Don't forget a boot drier -- the weird plastic thing made of two tubes on a little stand. Plug it in, and warm air oozes up and into the boots; dries them slowly overnight every time. Take the removable insoles out first. If the boots didn't come with a pair, get some Dr. Schols -- your feet stay warmer and the arch is supported and cushioned.


----------



## RandyMac (Jan 15, 2013)

I did the cup of hot water in each boot and walked them dry, it worked well enough. My first set of calks were Buffalos, they were pretty much shredded in a year, they did see a lot of very hard use and went to several fires, I think that accelerated the wear. I went with White's after that, needed a rebuild every other year, I had three pairs in the rotation.
I rarely wore calks in the Sierras, too much rocky ground.


----------



## 4x4American (Jan 15, 2013)

Good input everyone!

Question- this job requires falling and equipment operation, I think it'd gonna be a little weird driving a skidder or a forwarder or a feller buncher with calks no?


----------



## 4x4American (Jan 15, 2013)

TreeGuyHR said:


> Don't forget a boot drier -- the weird plastic thing made of two tubes on a little stand. Plug it in, and warm air oozes up and into the boots; dries them slowly overnight every time. Take the removable insoles out first. If the boots didn't come with a pair, get some Dr. Schols -- your feet stay warmer and the arch is supported and cushioned.

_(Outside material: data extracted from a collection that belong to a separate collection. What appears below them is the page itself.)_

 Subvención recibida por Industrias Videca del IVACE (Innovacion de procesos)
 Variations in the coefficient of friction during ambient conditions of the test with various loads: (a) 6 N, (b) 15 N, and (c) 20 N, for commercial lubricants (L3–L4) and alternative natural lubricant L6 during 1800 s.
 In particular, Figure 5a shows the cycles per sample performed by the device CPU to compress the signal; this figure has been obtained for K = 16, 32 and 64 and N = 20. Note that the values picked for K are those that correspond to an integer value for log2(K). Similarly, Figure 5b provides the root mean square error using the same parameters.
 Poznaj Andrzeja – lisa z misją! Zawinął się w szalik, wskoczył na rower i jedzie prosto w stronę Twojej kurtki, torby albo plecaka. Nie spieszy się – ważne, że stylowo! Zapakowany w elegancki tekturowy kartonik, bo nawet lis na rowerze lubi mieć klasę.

oh believe you me i got one and love it


----------



## Gologit (Jan 15, 2013)

4x4American said:


> Good input everyone!
> 
> Question- this job requires falling and equipment operation, I think it'd gonna be a little weird driving a skidder or a forwarder or a feller buncher with calks no?

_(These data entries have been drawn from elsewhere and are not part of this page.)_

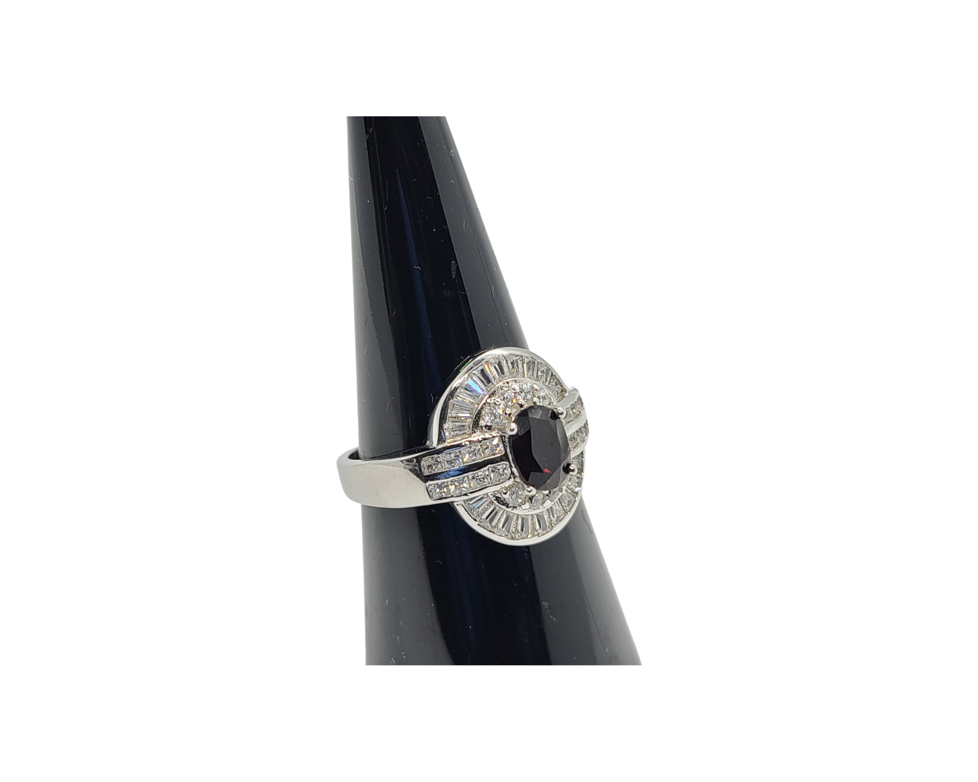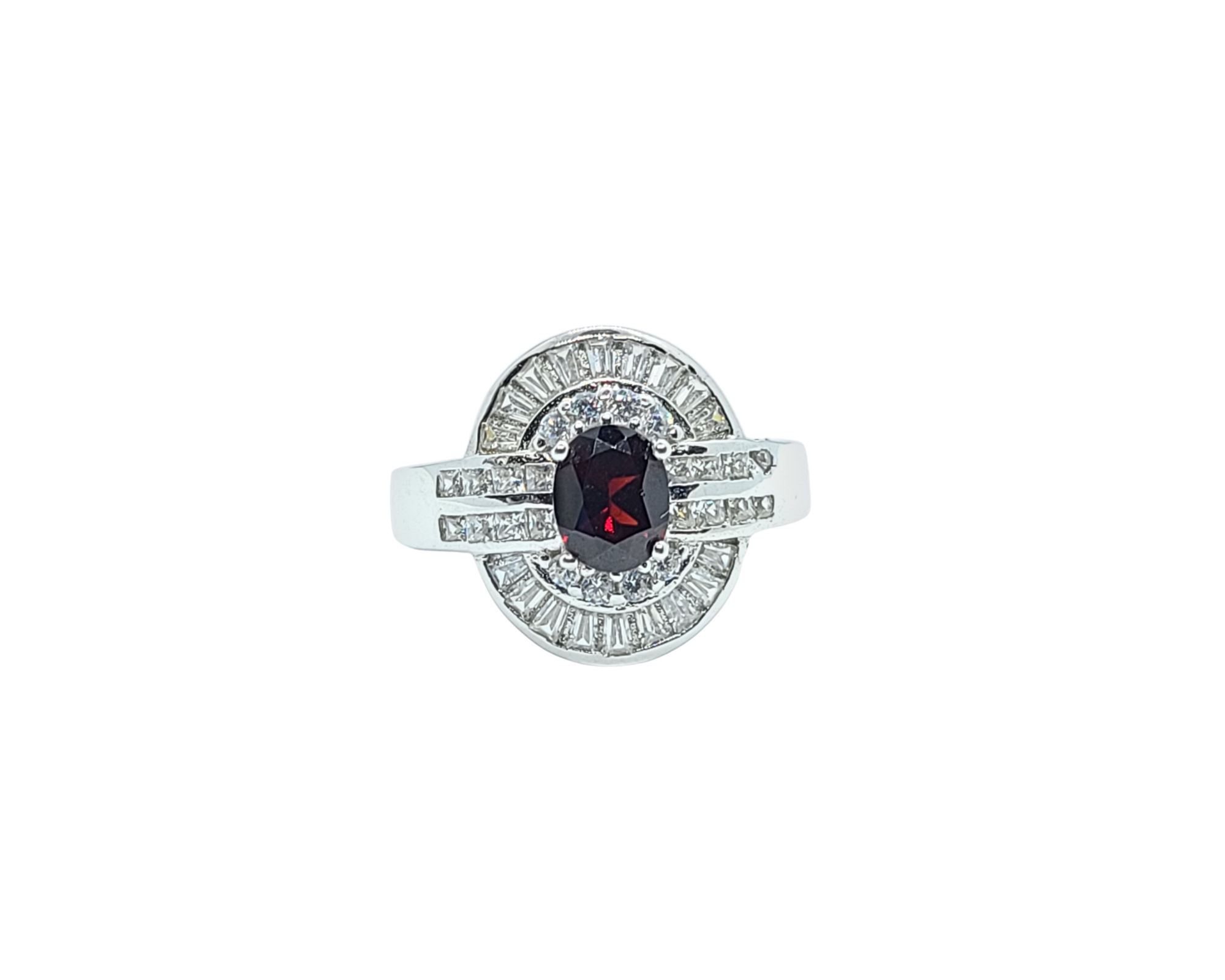 Sterling silver with rhodium, an oval garnet stone ring with cubic zirconia.
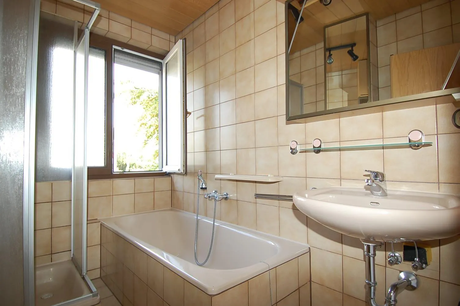 Das Badezimmer ist mit einem Fenster, einer Badewanne und einer Dusche ausgestattet. Es ist raumhoch gefliest. Das WC ist separat.
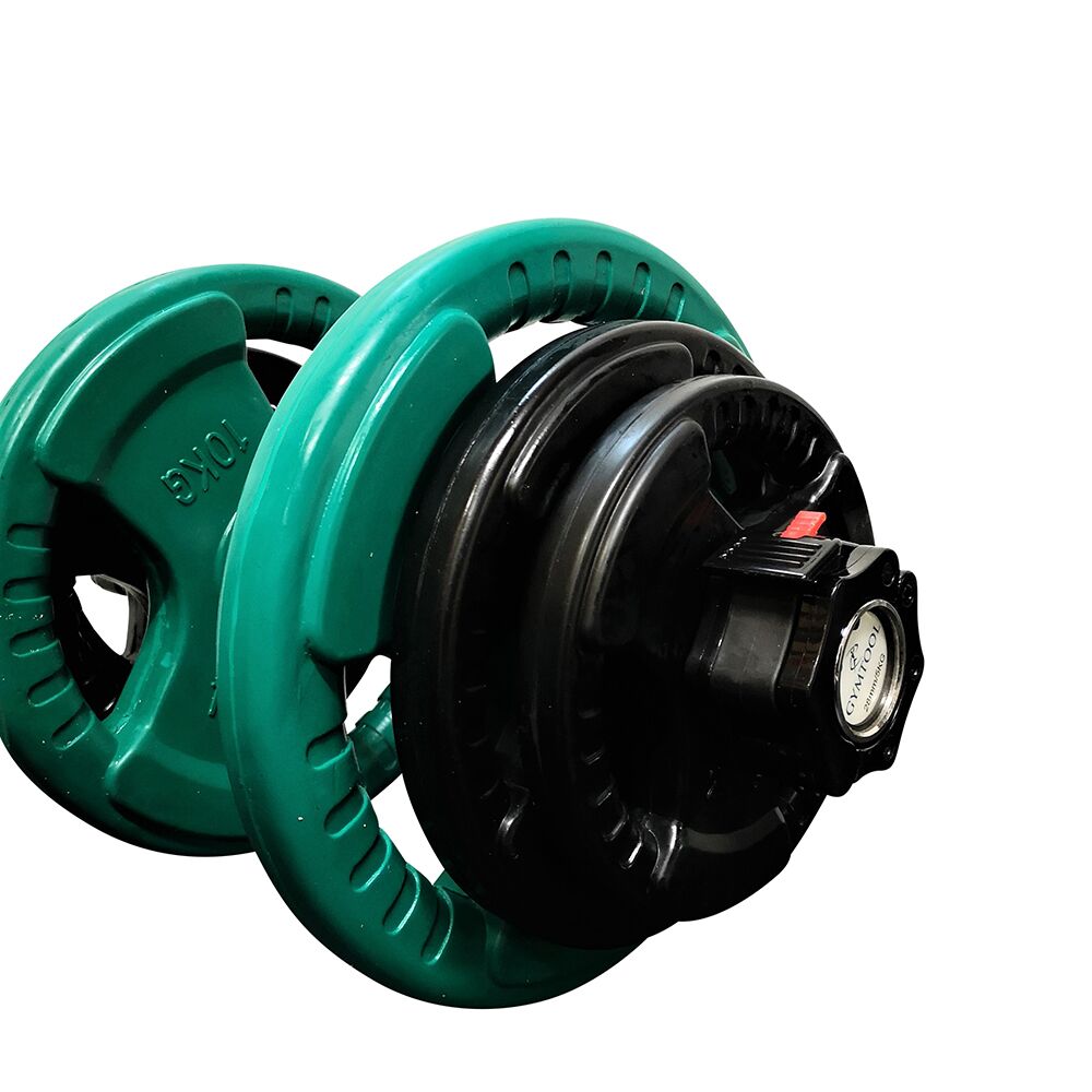 Manualsett hvor en selv velger ønsket vekt per hantel: 5kg, 10kg, 15kg, 20kg, 25kg, 30kg, 35kg og 40kg. Medfølgende jaw lock låser sørger for rask og trygg låsing av vektskivene. Diameter på de største skivene = 32cm

More than a little. If you're going to be on a machine all day you need a plain sole...Vibram or something similar.


----------



## 4x4American (Jan 15, 2013)

Gologit said:


> More than a little. If you're going to be on a machine all day you need a plain sole...Vibram or something similar.



yea reckon ill wear my chippewars if im gonna be operatin all day. I'll have to see how it goes with that company, bossman said everyone runs everything so I dont know how that works only time will tell...definitely wont be driving my truck out there in my calks haha


----------



## Gologit (Jan 15, 2013)

If I'm falling and I have to move my pickup I just move it, calks and all. I might have to move the pickup two or three times a day and messing with boots takes too much time. I keep an old mudflap on the floorboards and as long as you're careful you won't scratch up the pedals too much.

Also, a piece of plywood in the bed and a piece on the inside of the tailgate helps a lot.


----------



## 4x4American (Jan 15, 2013)

Gologit said:


> If I'm falling and I have to move my pickup I just move it, calks and all. I might have to move the pickup two or three times a day and messing with boots takes too much time. I keep an old mudflap on the floorboards and as long as you're careful you won't scratch up the pedals too much.
> 
> Also, a piece of plywood in the bed and a piece on the inside of the tailgate helps a lot.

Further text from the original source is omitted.